__REQUIRED WORK__: The copy should hold exactly the lines below from the one that contains "safety for seniors" through the one that contains "2021年2月27日晚,pg" and nothing else, so no pictures.

__DATA FOR THIS TASK__:
################

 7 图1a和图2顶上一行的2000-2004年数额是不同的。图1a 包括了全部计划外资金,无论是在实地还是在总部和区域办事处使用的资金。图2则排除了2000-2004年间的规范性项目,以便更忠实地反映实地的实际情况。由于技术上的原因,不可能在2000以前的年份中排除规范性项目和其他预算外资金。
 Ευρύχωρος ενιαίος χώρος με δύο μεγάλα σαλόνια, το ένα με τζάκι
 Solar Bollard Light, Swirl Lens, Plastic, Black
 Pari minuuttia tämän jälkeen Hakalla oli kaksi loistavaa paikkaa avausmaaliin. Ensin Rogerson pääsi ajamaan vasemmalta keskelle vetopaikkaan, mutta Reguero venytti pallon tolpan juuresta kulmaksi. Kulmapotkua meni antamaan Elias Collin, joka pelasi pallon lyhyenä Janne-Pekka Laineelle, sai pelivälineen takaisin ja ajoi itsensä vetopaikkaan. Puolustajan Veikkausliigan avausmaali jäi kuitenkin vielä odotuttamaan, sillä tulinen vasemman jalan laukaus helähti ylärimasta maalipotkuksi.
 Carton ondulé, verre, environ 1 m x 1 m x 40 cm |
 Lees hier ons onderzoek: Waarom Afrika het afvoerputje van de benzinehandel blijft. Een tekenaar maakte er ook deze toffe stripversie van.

################

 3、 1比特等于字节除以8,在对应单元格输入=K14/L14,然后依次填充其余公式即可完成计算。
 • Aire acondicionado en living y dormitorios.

################

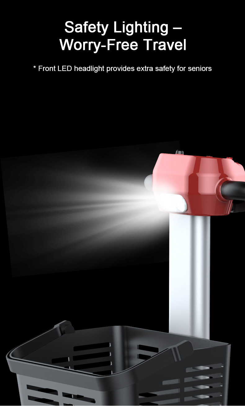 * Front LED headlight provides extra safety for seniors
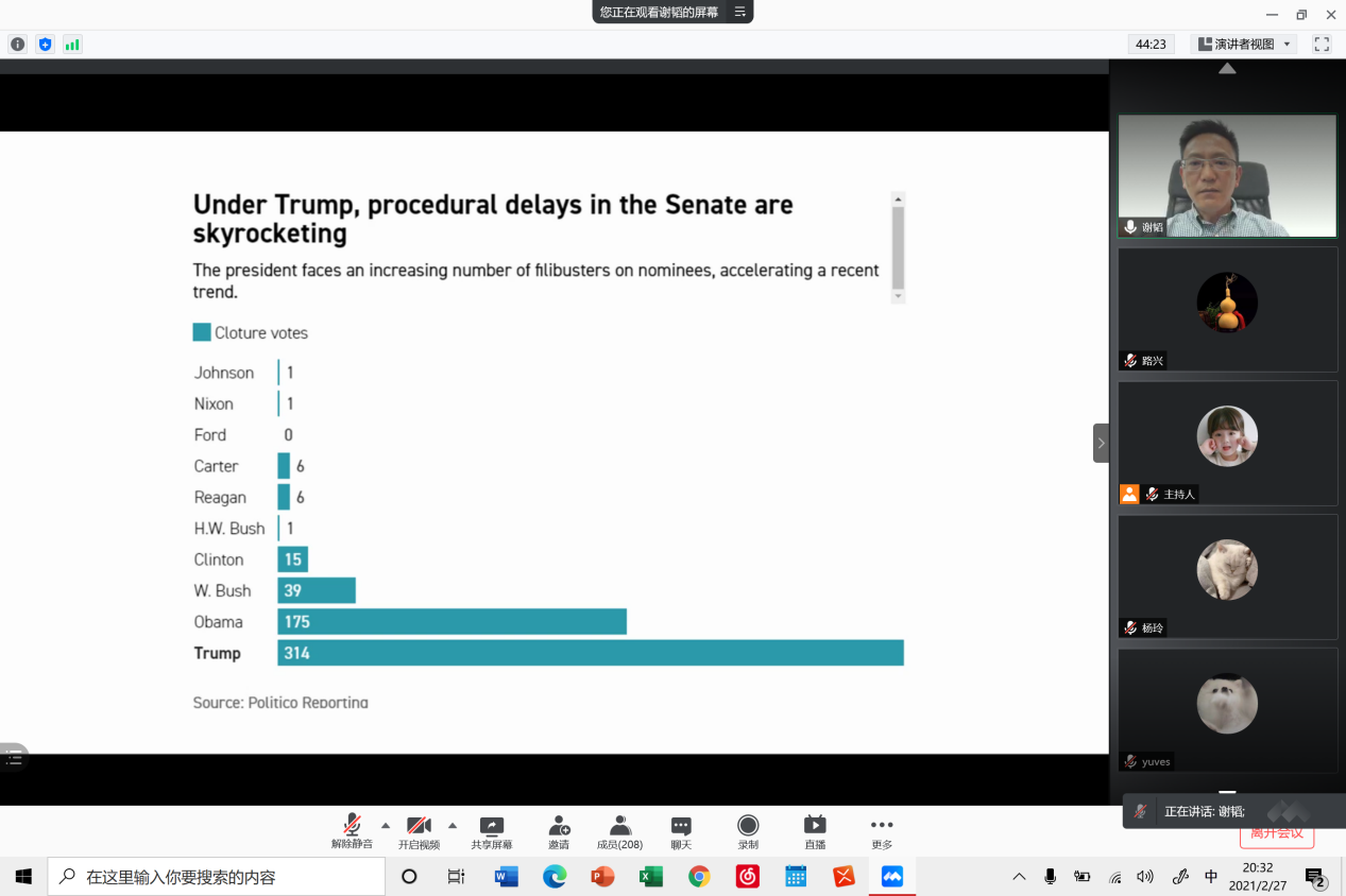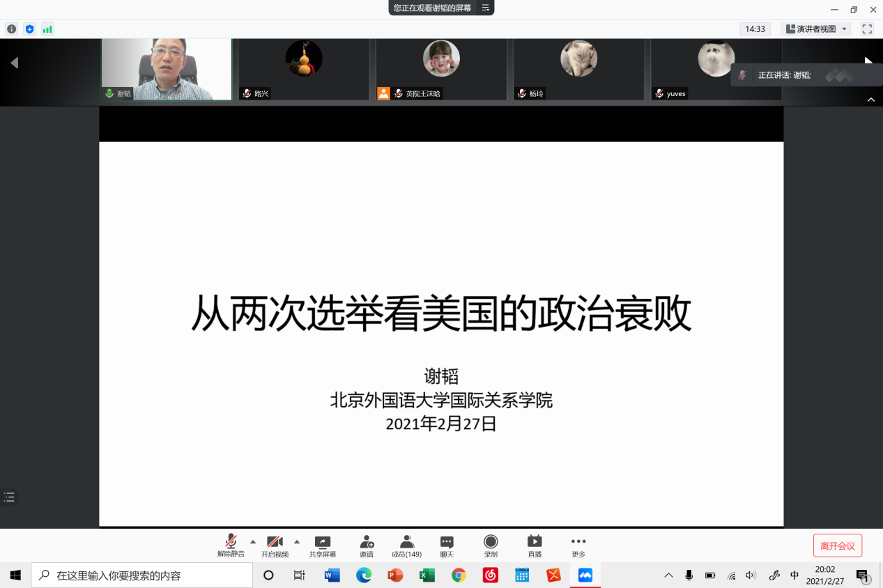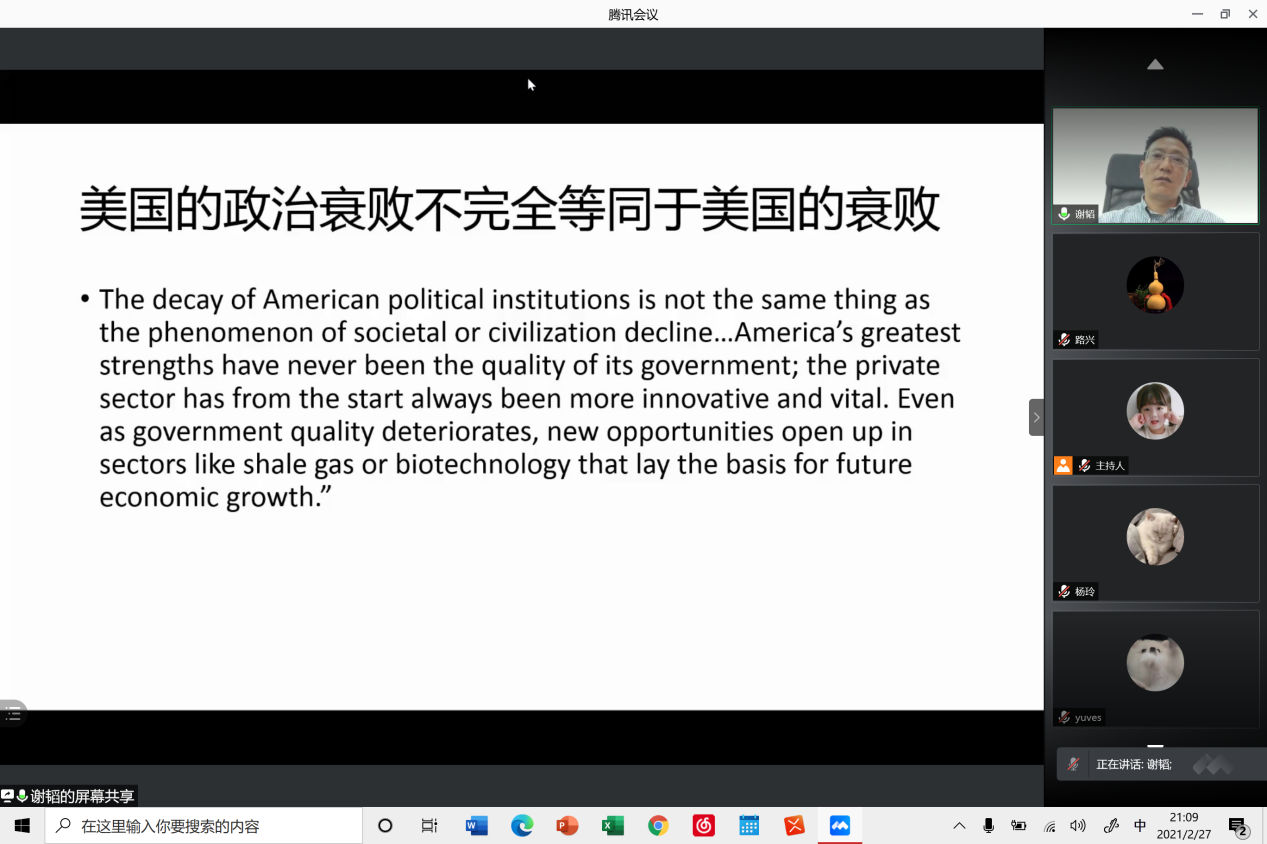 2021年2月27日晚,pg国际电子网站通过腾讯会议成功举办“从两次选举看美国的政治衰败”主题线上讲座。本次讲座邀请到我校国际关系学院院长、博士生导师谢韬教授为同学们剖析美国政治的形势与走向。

################

__RESULT__:
 * Front LED headlight provides extra safety for seniors
 2021年2月27日晚,pg国际电子网站通过腾讯会议成功举办“从两次选举看美国的政治衰败”主题线上讲座。本次讲座邀请到我校国际关系学院院长、博士生导师谢韬教授为同学们剖析美国政治的形势与走向。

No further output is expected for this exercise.